• [What to do]: Nothing but the text of the records belongs in your answer: repeat all of it exactly and leave out the images.

= Beginning of Section =

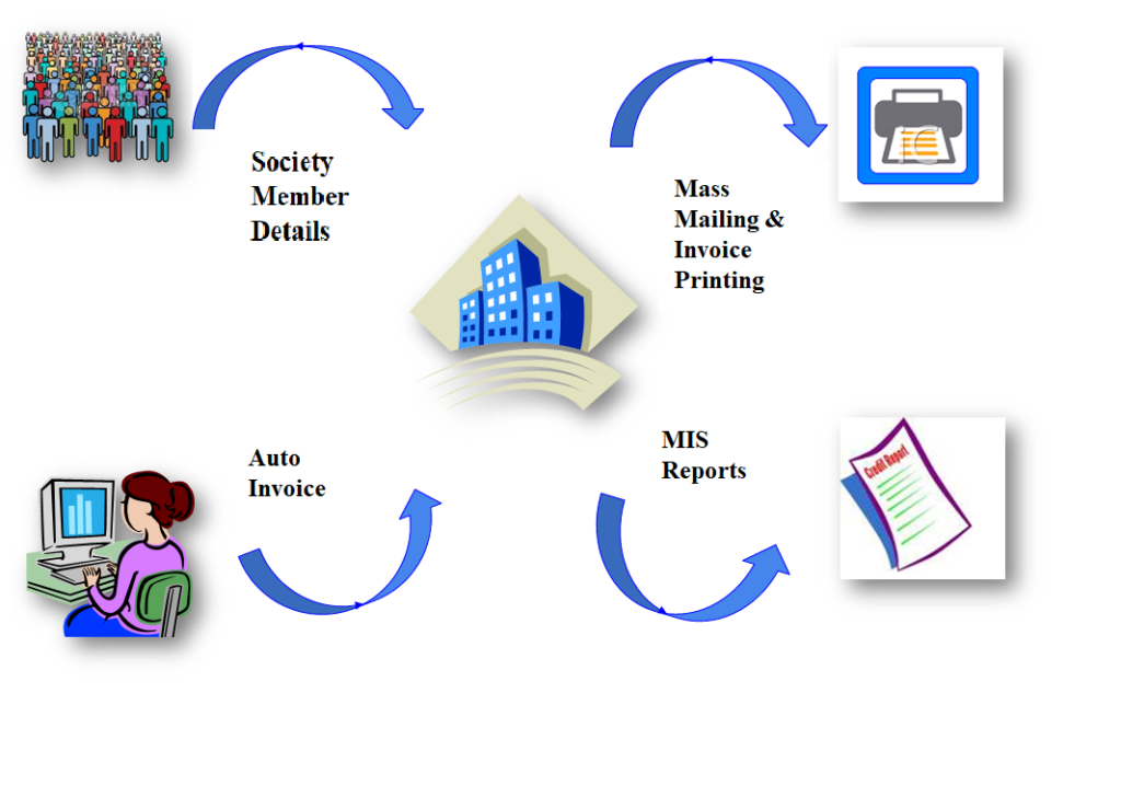 Housing societies collect funds as Rent, Car Parking, Electricity Charges, LPG Charges, Common Area Maintenance Charges, Servant quarters, etc. There are also fines for late fees where interest rates are applicable.
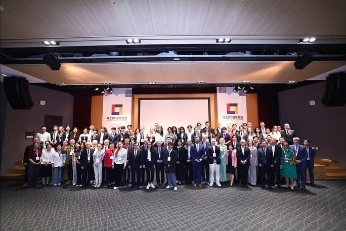 제23차 한독포럼 현장에서 군포시의회 박상현 의원이 포럼 개막식에 앞서 기념촬영을 하고 있다.
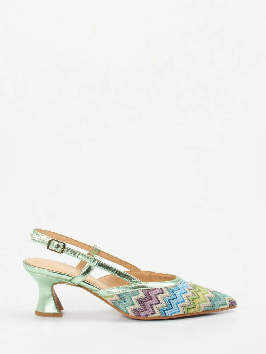 Ein Eyecatcher für warme Nächte.Maripé präsentiert mit diesen Slingback-Pumps ein feminines Modell für festliche oder modisch ambitionierte Anlässe. Das mehrfarbige Textil in Mintgrün mit Zickzackstruktur trifft auf metallic-schimmernde Riemen und eine spitz zulaufende Front. Der verstellbare Fersenriemen mit goldfarbener Schließe sorgt für optimalen Halt, während der trichterförmige Absatz in Skulpturform und das weiche Lederfußbett Komfort und Stil vereinen. Ein Must-have für trendbewusste Looks zwischen Italo-Glam und 70er-Revival, perfekt kombiniert mit pastelligen Kleidern oder Metallic-Accessoires. Ein charakterstarkes Modell mit außergewöhnlicher Farbharmonie und hochwertigen Materialien.
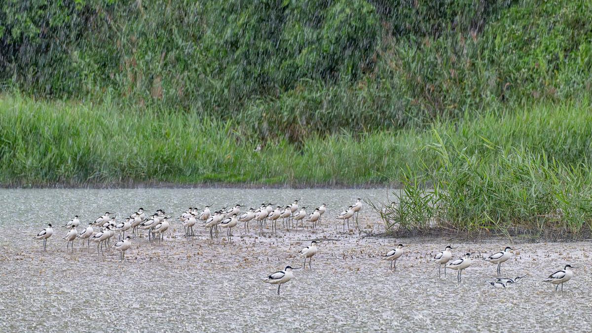 雨丝织绿幕,反嘴鹬群栖,湿地生机里,是自然生态的灵动诗篇。
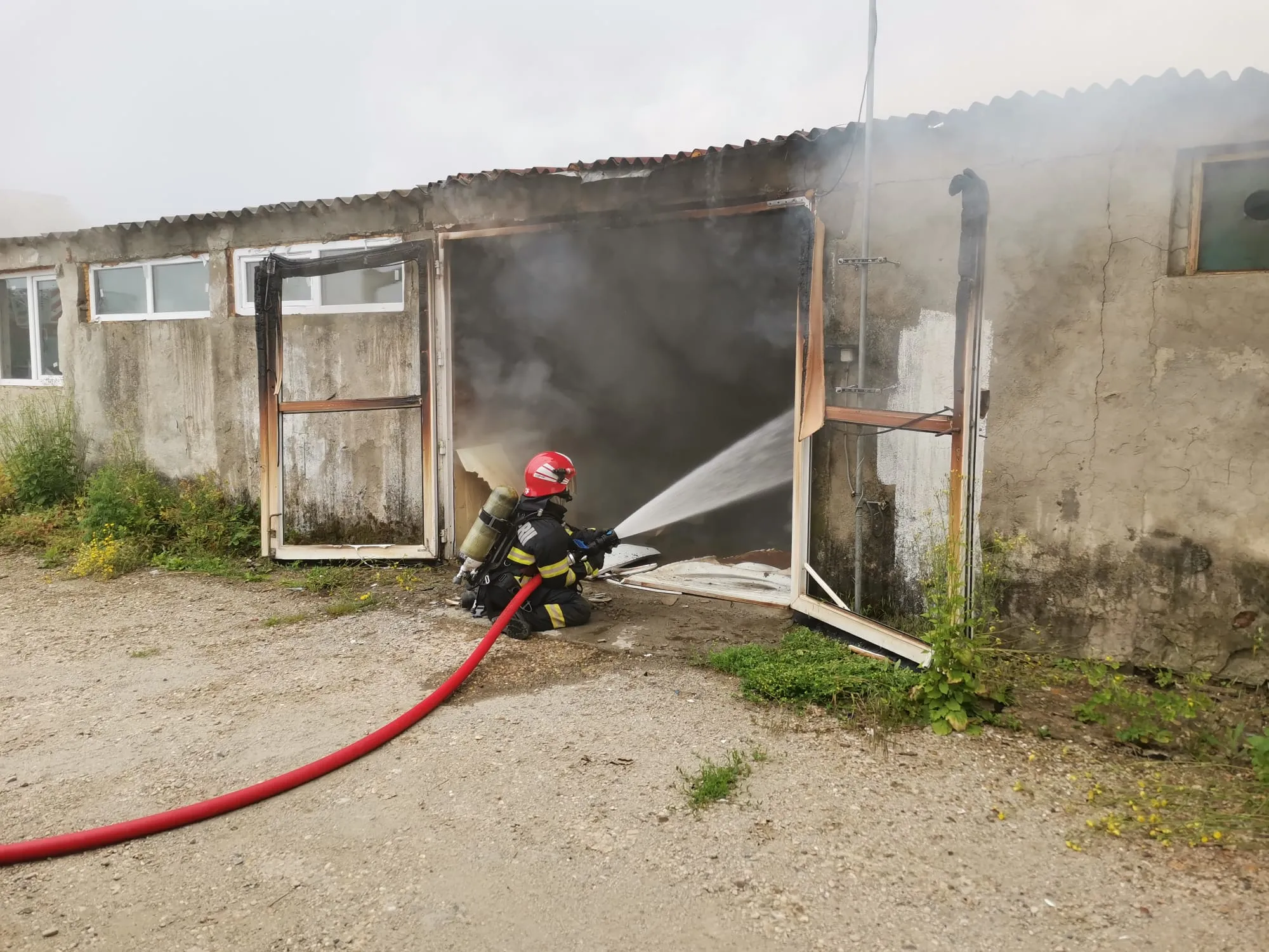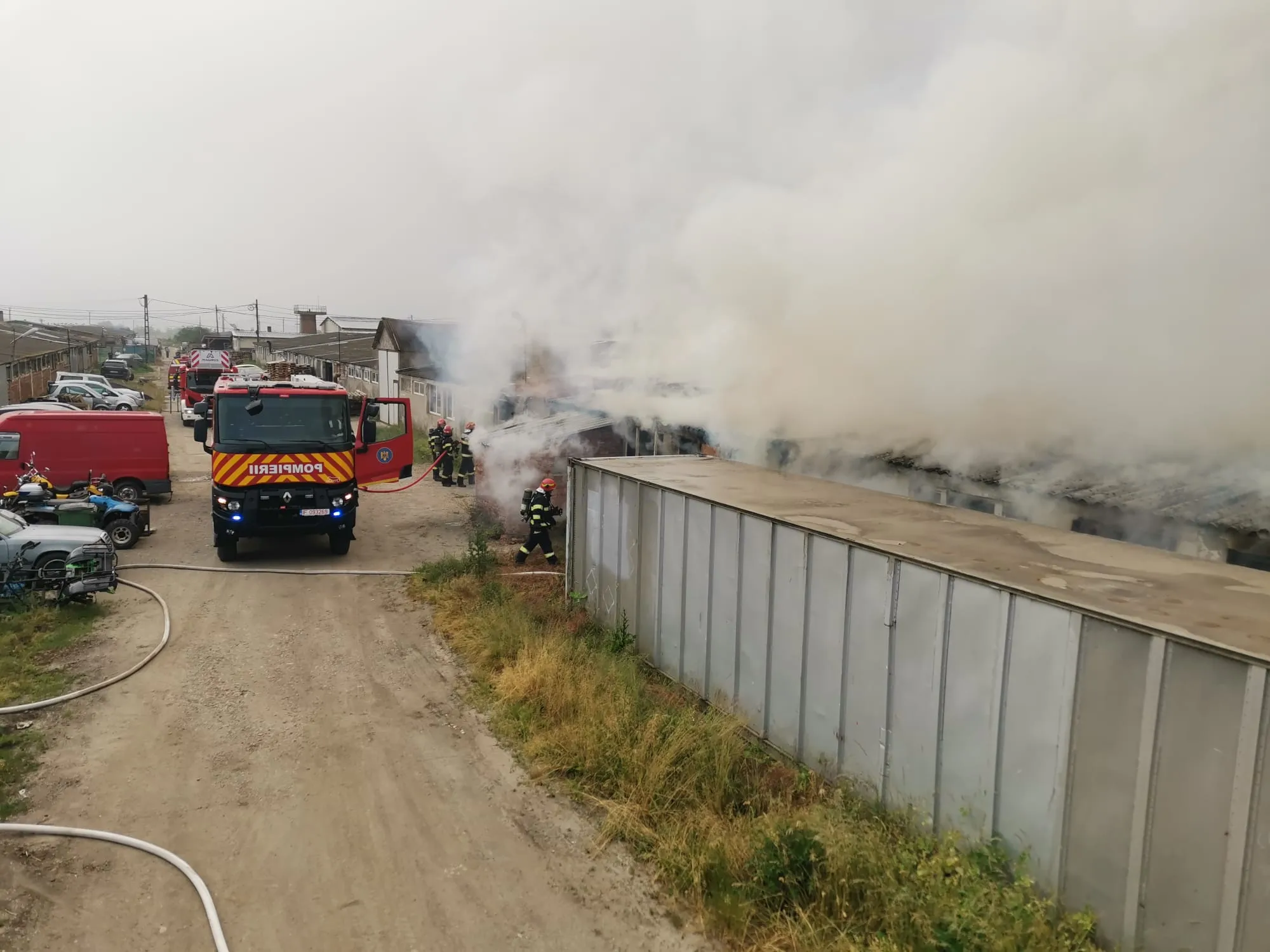 A luat foc acoperișul unei hale din Jucu. Incendiul este generalizat - VIDEO
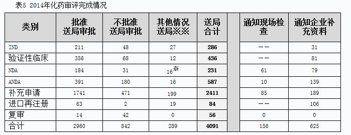 2014年化药完成审评并呈送总局审批的注册申请共4091个,另有完成审评通知现场检查的注册申请156个,完成审评通知企业补充资料的注册申请625个。具体情况见表5
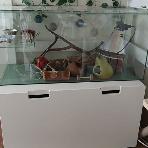 Siisti 5 v vanha terraario 70 x 40 x 60 cm ( leveys x syv x kork.). Yläosassa kiinteänä kaarna + oksaa, ollut käärmeellä. Tarkempi siivous jää ostajalle. Lisäksi voi ostaa todella vähän käytetyn lämpömaton 5 eurolla. Nouto Keravalta.
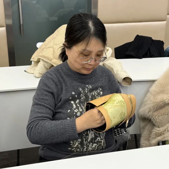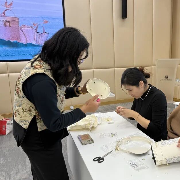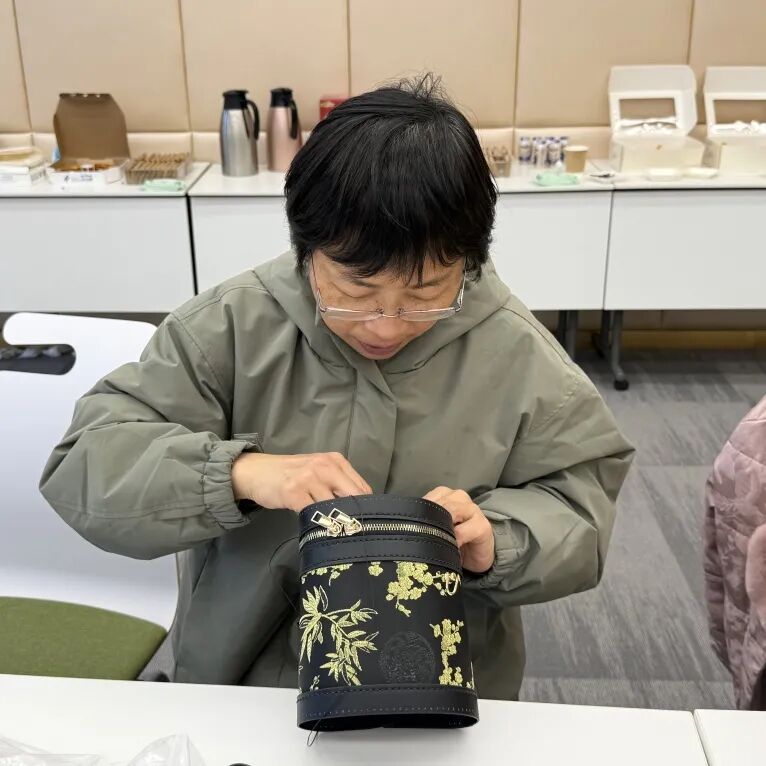 活动伊始,制作老师便为大家揭开了“中国四大名锦”之一——宋锦的神秘面纱。从历史渊源、织造纹样等娓娓道来,细腻的讲解搭配实物展示,让在场女教职工们直观感受到传统工艺的匠心与温度。桌上整齐摆放的湖蓝、朱红、米白等各色宋锦面料,搭配鎏金搭扣、流苏挂饰等配件,早已让大家跃跃欲试。
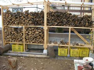 この海では波乗りは手も足も出ないので家へ戻って薪割りをすることにしました。まずは空いてしまった薪棚に薪を補充。今年焚ける薪はこの画像の分と、もう少しだけ別の場所に残っていますが暖かくなるまで足りるか少々不安…。

= End of Section =

• [Result]:
 Housing societies collect funds as Rent, Car Parking, Electricity Charges, LPG Charges, Common Area Maintenance Charges, Servant quarters, etc. There are also fines for late fees where interest rates are applicable.
 제23차 한독포럼 현장에서 군포시의회 박상현 의원이 포럼 개막식에 앞서 기념촬영을 하고 있다.
 Ein Eyecatcher für warme Nächte.Maripé präsentiert mit diesen Slingback-Pumps ein feminines Modell für festliche oder modisch ambitionierte Anlässe. Das mehrfarbige Textil in Mintgrün mit Zickzackstruktur trifft auf metallic-schimmernde Riemen und eine spitz zulaufende Front. Der verstellbare Fersenriemen mit goldfarbener Schließe sorgt für optimalen Halt, während der trichterförmige Absatz in Skulpturform und das weiche Lederfußbett Komfort und Stil vereinen. Ein Must-have für trendbewusste Looks zwischen Italo-Glam und 70er-Revival, perfekt kombiniert mit pastelligen Kleidern oder Metallic-Accessoires. Ein charakterstarkes Modell mit außergewöhnlicher Farbharmonie und hochwertigen Materialien.
 雨丝织绿幕,反嘴鹬群栖,湿地生机里,是自然生态的灵动诗篇。
 A luat foc acoperișul unei hale din Jucu. Incendiul este generalizat - VIDEO
 2014年化药完成审评并呈送总局审批的注册申请共4091个,另有完成审评通知现场检查的注册申请156个,完成审评通知企业补充资料的注册申请625个。具体情况见表5
 Siisti 5 v vanha terraario 70 x 40 x 60 cm ( leveys x syv x kork.). Yläosassa kiinteänä kaarna + oksaa, ollut käärmeellä. Tarkempi siivous jää ostajalle. Lisäksi voi ostaa todella vähän käytetyn lämpömaton 5 eurolla. Nouto Keravalta.
 活动伊始,制作老师便为大家揭开了“中国四大名锦”之一——宋锦的神秘面纱。从历史渊源、织造纹样等娓娓道来,细腻的讲解搭配实物展示,让在场女教职工们直观感受到传统工艺的匠心与温度。桌上整齐摆放的湖蓝、朱红、米白等各色宋锦面料,搭配鎏金搭扣、流苏挂饰等配件,早已让大家跃跃欲试。
 この海では波乗りは手も足も出ないので家へ戻って薪割りをすることにしました。まずは空いてしまった薪棚に薪を補充。今年焚ける薪はこの画像の分と、もう少しだけ別の場所に残っていますが暖かくなるまで足りるか少々不安…。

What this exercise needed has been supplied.